Problem requirements: Find "(광주=포커스뉴스) 14일 오후" in the entries below; copy that line through the last, exactly, with no pictures.

Records for processing:
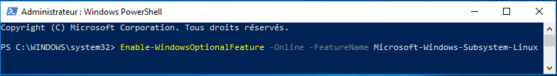 Enable-WindowsOptionalFeature -Online -FeatureName Microsoft-Windows-Subsystem-Linux
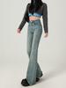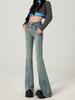 Vaqueros de cintura alta con microrastrillos para mujer, primavera 2024, estilo coreano, ajustados, con corte en forma de trompeta.
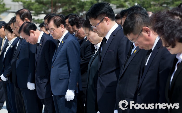 (광주=포커스뉴스) 14일 오후 광주 북구 국립5.18민주묘지에서 천정배 국민의당 공동대표를 비롯한 광주 지역 당선자들이 참배를 하고 있다.
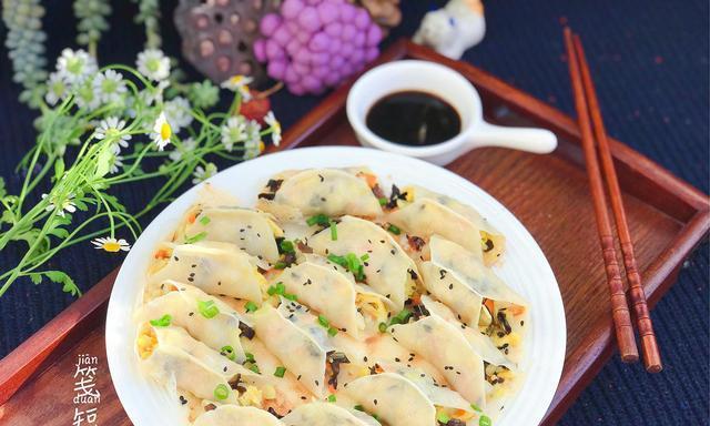 将做好的锅贴摆放在盘中,撒上一些葱花和辣椒粉点缀,既可以美化色彩,又可以增加口感层次。
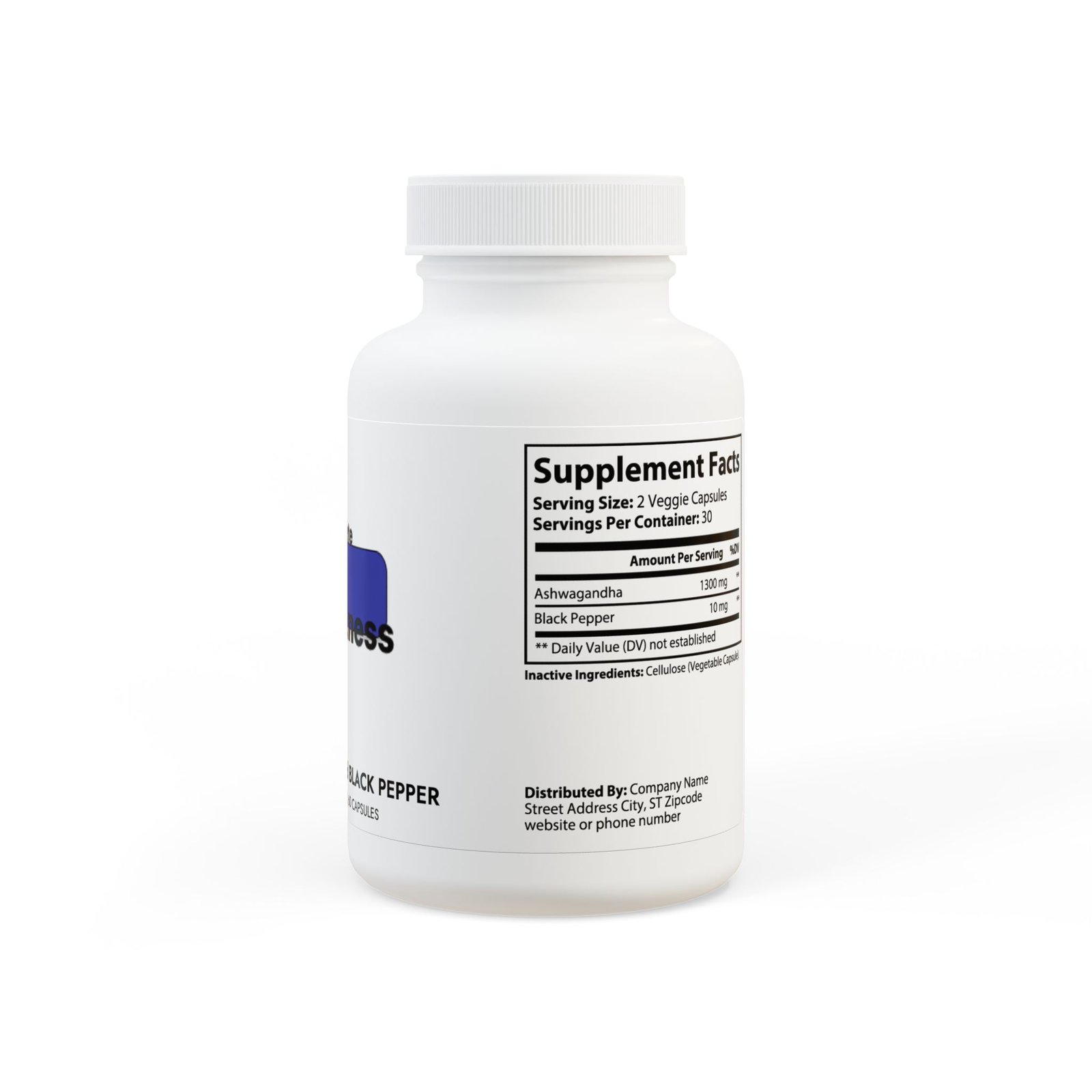 Ingredients: Ashwagandha, Black Pepper. Inactive Ingredients: Cellulose (Vegetable Capsule).
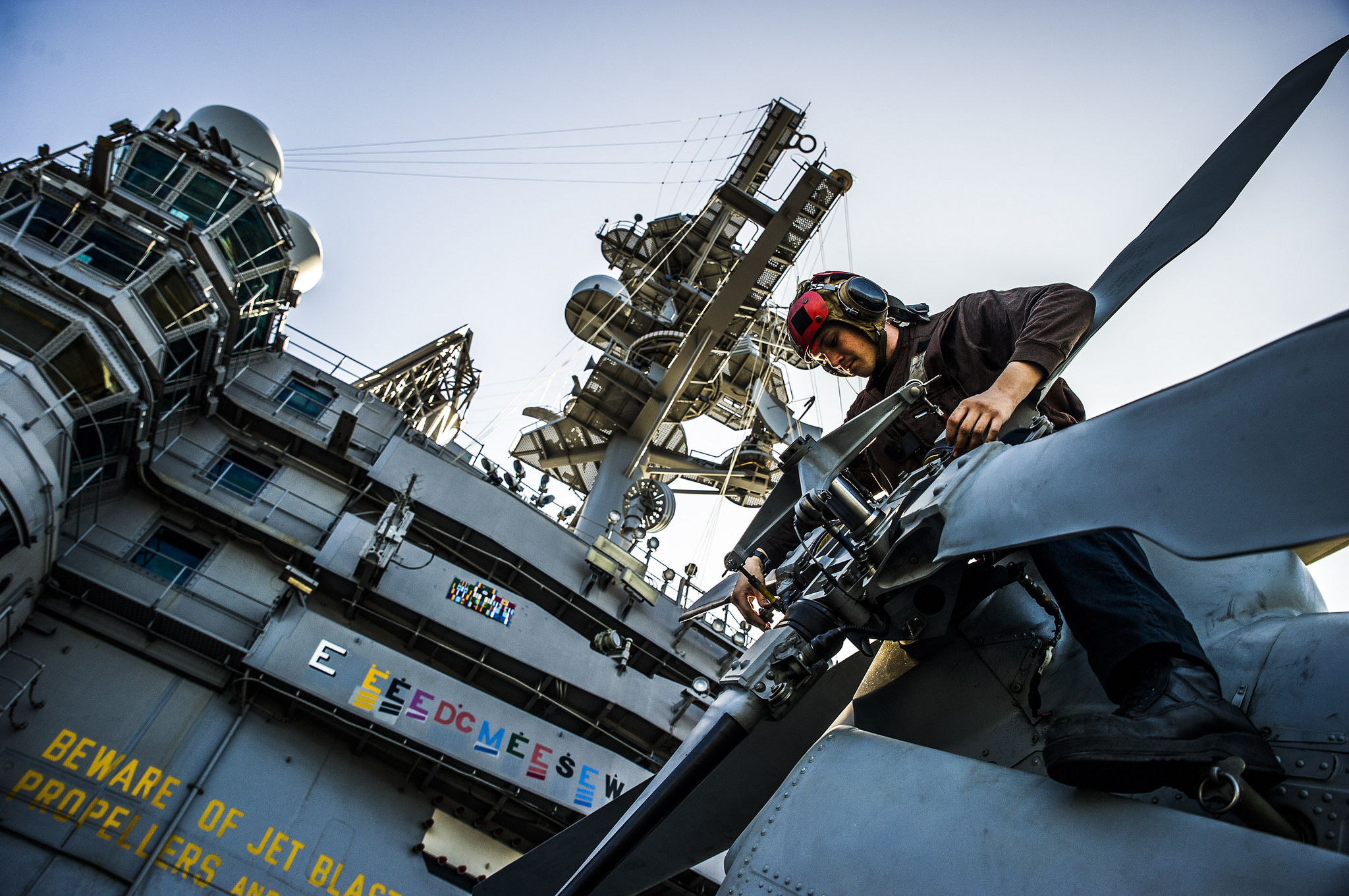 Un soldado de la US Navy repara una de las hélices de un helicóptero.

Solution:
 (광주=포커스뉴스) 14일 오후 광주 북구 국립5.18민주묘지에서 천정배 국민의당 공동대표를 비롯한 광주 지역 당선자들이 참배를 하고 있다.
 将做好的锅贴摆放在盘中,撒上一些葱花和辣椒粉点缀,既可以美化色彩,又可以增加口感层次。
 Ingredients: Ashwagandha, Black Pepper. Inactive Ingredients: Cellulose (Vegetable Capsule).
 Un soldado de la US Navy repara una de las hélices de un helicóptero.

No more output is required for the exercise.